ConcurrentLfu uses a Running value cache when comparing frequency. In the best case this reduces the number of sketch frequency calls by 50%. Improves throughput.
Unrolled the loop in CmSketch.Reset, reduces reset execution time by about 40%. This is called periodically so reduces worst case rather than average ConcurrentLfu maintenance time.
Implement a ThrowHelper invoked from all exception call sites. Reduces the size of the generated asm. Eliminated an unnecessary throw from the ConcurrentLfu hot path, minor latency reduction when benchmarked.
Increase ConcurrentLru cycle count when evicting items. Prevents runaway growth when stress tested on AMD CPUs.
ConcurrentLfu disposes items created but not cached when races occur during GetOrAdd.

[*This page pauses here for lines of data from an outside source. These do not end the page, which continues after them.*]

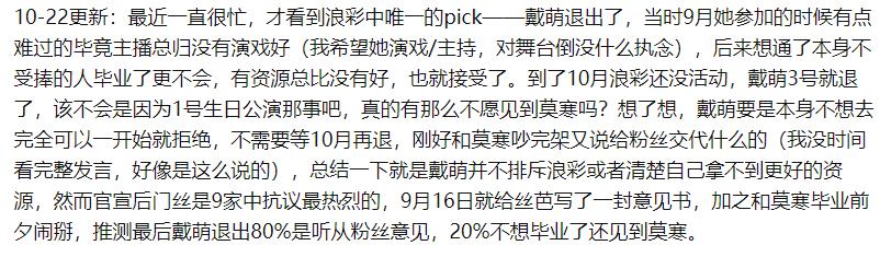 十月份从SNH48毕业出来的戴萌,已经是一个独立的艺人在发展着了,大家对她的期待也是满满的,毕竟人美歌好,还气质甜呢。而加入的浪彩少女也引起了很大关注度,只是最近网上传了好多,说是戴萌被浪彩少女官博取关了,看起来是退出浪彩少女了,这是为什么,另外戴萌许佳琪迪士尼事件怎么回事? 戴萌为什么退出浪彩少女 戴萌退出浪彩少女这个事情在网上掀起的波浪还是挺大的,一开始大家也是根据浪彩官方微博取关了戴萌,还有抖音号上面发布的节目祝福视频没有带上戴萌,猜测戴萌是不是已经退出了浪彩少女了,而后面浪彩少女的一系列举动都没有戴萌的加入,大家才想到,戴萌这个应该是没有签合同就早退了。 戴萌退出浪彩少女的原因,她自己没有讲,就不得而知了,但是从粉丝们的分析中可以得出,戴萌退出浪彩少女应该是一件利弊相应的事情,戴萌是非常有退出浪彩少女的理由的,主要原因在于年纪不小了,不应该花费时间在其他的事情上,她应该专注的做自己喜欢的事情,当然了很多网友觉得她是听取了粉丝的意见,大批量的粉丝都在建议戴萌退出浪彩少女。因为虽然浪彩少女这个资源应该是挺赚钱的,但是大家并不看好这个电商女团。 戴萌许佳琪迪士尼事件怎么回事? 戴萌和徐佳琪迪士尼事件,就是戴萌和徐佳琪在迪士尼玩乐的时候,被粉丝认出来了,于是要求合影,而戴萌和徐佳琪同意了,但是她们当时的女团SNH48有明确规定,不可以和粉丝私下来往,合影也是不行的,于是两人被处罚了,其实就是一个小事情,但是两人背后的粉丝团可是不小的,这事件曝光到网上之后,引起了不小的争议,针对这事件,粉丝们热烈的谴责了一番戴萌和徐佳琪背后的公司。
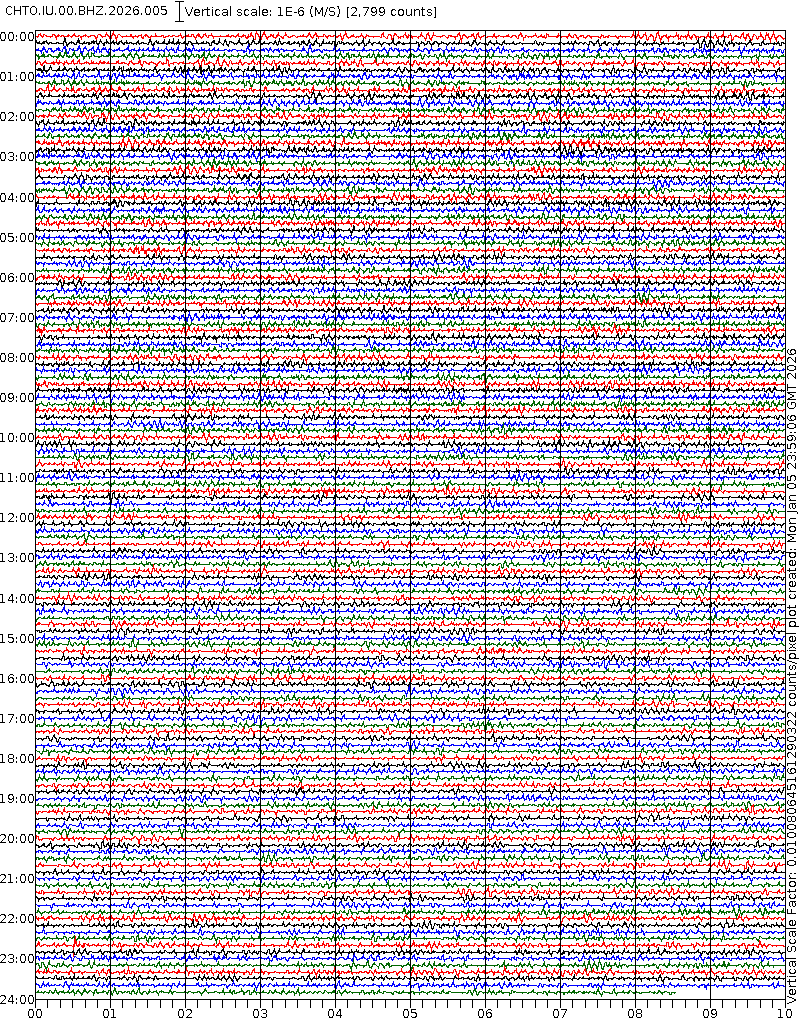 • 06:58 กราฟแผ่นดินไหวชนิดที่ใช้ดูเวลาเกิดเหตุเป็นหลัก แสดงภาพตามแนวตั้ง (BHZ) จากสถานีเครือข่าย IRIS สาขาเชียงใหม่ (CHTO) จาก 07:00 เช้าเมื่อวานนี้จนถึงเวลานี้ เส้นกราฟตามแนวนอนเส้นละ 10 นาที แยกสีเส้นกราฟเพื่อให้ดูได้ง่าย ช่องแบ่งตามแนวตั้งช่องละ 1 นาที
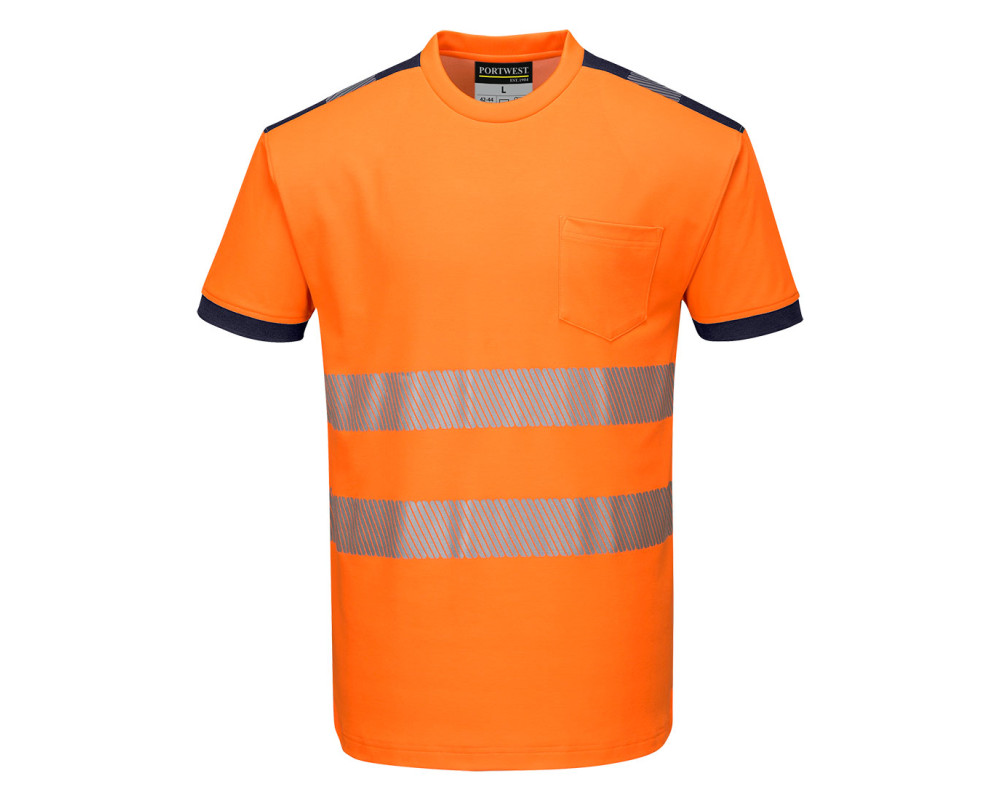 HiVisTex Pro fényvisszaverő csíkokkal készült, Cotton Comfort póló, mely a szegmentált szalag szerkezetnek köszönhetően kiváló mozgásszabadságot biztosít. Könnyű, stílusos és lélegző.
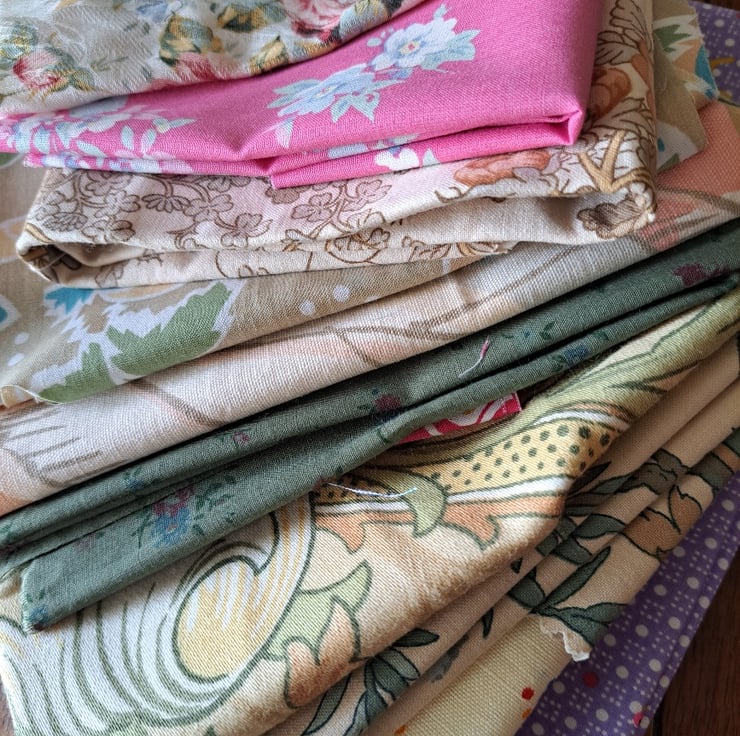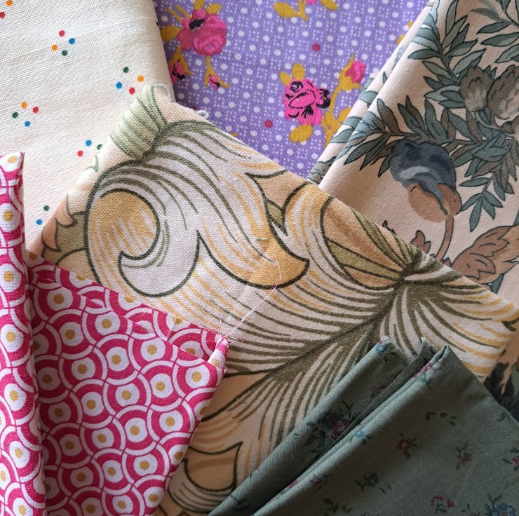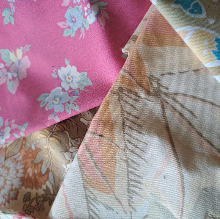 A hefty bundle of genuine vintage cottons - heaven for all you vintage fabric lovers. Eleven very good-sized pieces (the largest is a whopping 90cm by 45cm) of cotton fabric of mixed weights, including some French spots and very English Sanderson florals. In cracking condition.
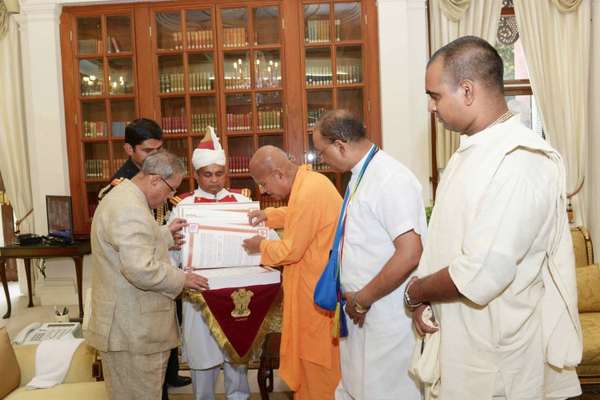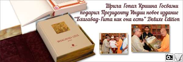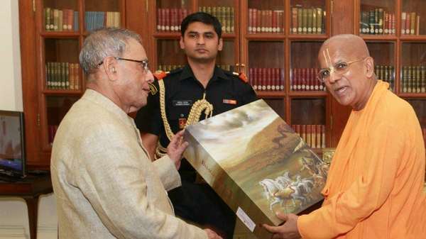 Вместе с маха-прасадом от их Светлостей Шри Шри Радха Партхасаратхи Е.С. Гопал Кришна Госвами вручил президенту Индии подарочное новое издание «Бхагават-гиты как она есть».
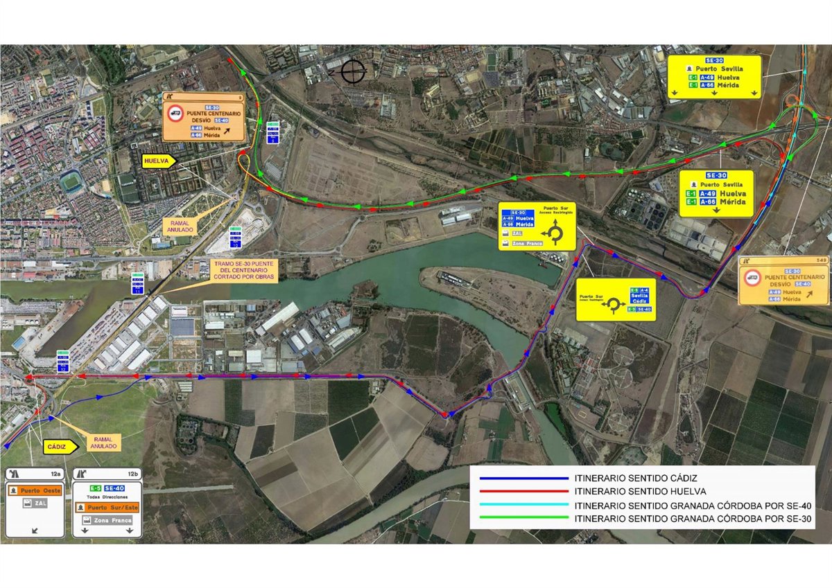 En el tráfico sentido Huelva, los vehículos procedentes de la A-4 se desviarán en la salida 549 (SE-30 Puente Centenario/SE-40/A-49 Huelva/A-66 Mérida) hacía la carretera de la esclusa (SE-31), continuando por la misma hasta la rotonda de la calle José Delgado Brackenbury, desde donde se podrá acceder a la SE-30.
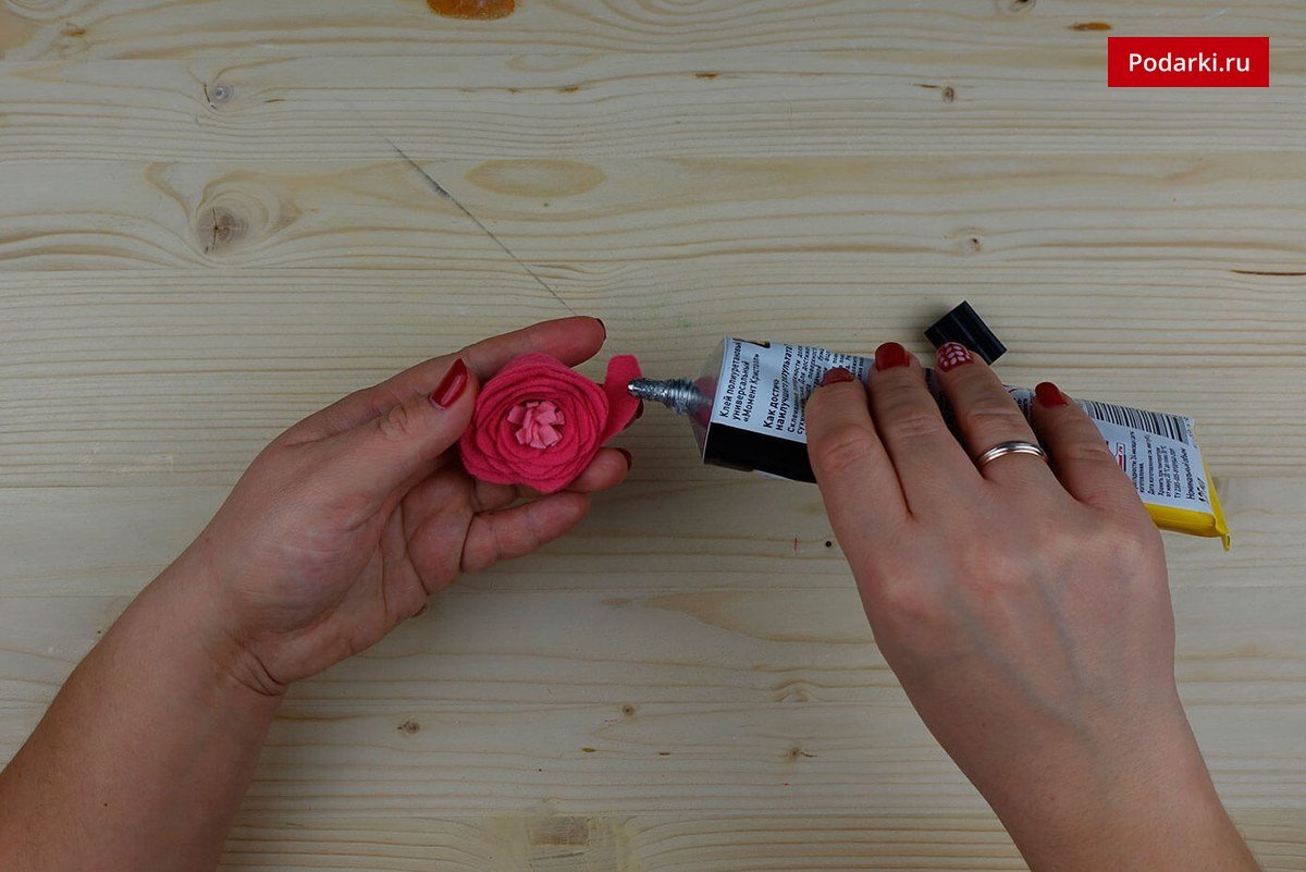 Когда клей подсохнет, приклеиваем на фетровую основу булавку или резинку.

Full changelog: https://github.com/bitfaster/BitFaster.Caching/compare/v2.1.0...v2.1.1

1 year ago

Added ConcurrentLfu, a .NET implementation of the W-TinyLfu admission policy. This closely follows the approach taken by the Caffeine library by Ben Manes - including buffered reads/writes and hill climbing to optimize hit rate. A ConcurrentLfuBuilder provides integration with the existing atomic value factory and scoped value features.
To support ConcurrentLfu added the MpscBoundedBuffer and StripedMpscBuffer classes.
To support ConcurrentLfu added the ThreadPoolScheduler, BackgroundThreadScheduler and ForegroundScheduler classes.
Added the Counter class for fast concurrent counting, based on LongAdder by Doug Lea.
Updated ConcurrentLru to use Counter for all metrics and added padding to internal queue counters. This improved throughput by about 2.5x with about 10% worse latency.
Added DebuggerTypeProxy types to customize the debugger view of FastConcurrentLru, ConcurrentLru, FastConcurrentTLru, ConcurrentTLru and ConcurrentLfu.
API documentation is now included in the NuGet package. Provided documentation for all public APIs.
Rewrote and corrected bugs in the throughput analysis tests, which now support Read, Read + Write, Update and Evict scenarios.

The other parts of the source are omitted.